◆ How to complete this task ◆
Taking only the lines of the data below from the line with "HairVolution ist eine" to the line with "DOWNLOAD SOFTWARE |", ends included, write them out exactly and without pictures.

◆ Exercise data ◆
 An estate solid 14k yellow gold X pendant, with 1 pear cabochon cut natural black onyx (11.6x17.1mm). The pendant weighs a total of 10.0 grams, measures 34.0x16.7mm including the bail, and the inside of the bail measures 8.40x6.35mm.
---
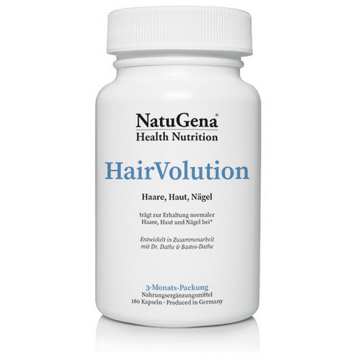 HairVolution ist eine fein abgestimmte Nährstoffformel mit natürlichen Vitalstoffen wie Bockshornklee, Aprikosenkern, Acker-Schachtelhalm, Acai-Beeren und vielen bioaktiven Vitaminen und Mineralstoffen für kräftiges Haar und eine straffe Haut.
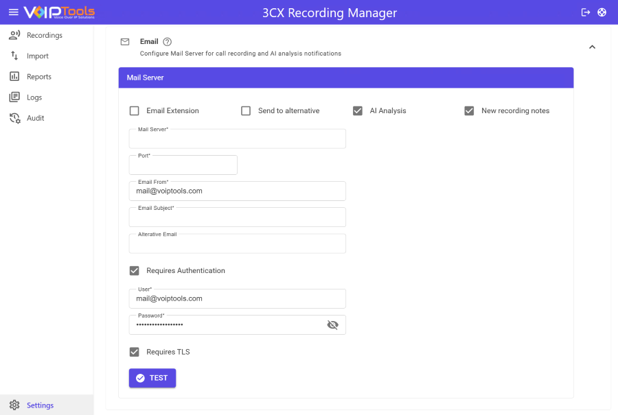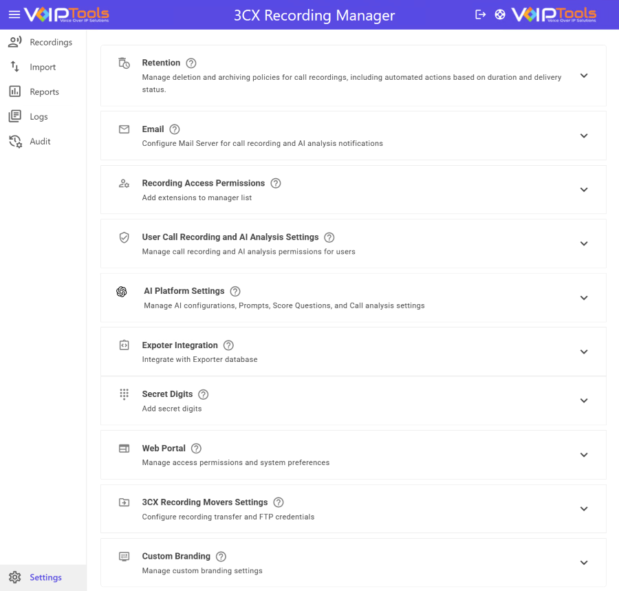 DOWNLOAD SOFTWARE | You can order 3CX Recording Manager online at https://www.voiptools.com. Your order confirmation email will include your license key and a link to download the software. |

◆ Answer box ◆
 HairVolution ist eine fein abgestimmte Nährstoffformel mit natürlichen Vitalstoffen wie Bockshornklee, Aprikosenkern, Acker-Schachtelhalm, Acai-Beeren und vielen bioaktiven Vitaminen und Mineralstoffen für kräftiges Haar und eine straffe Haut.
 DOWNLOAD SOFTWARE | You can order 3CX Recording Manager online at https://www.voiptools.com. Your order confirmation email will include your license key and a link to download the software. |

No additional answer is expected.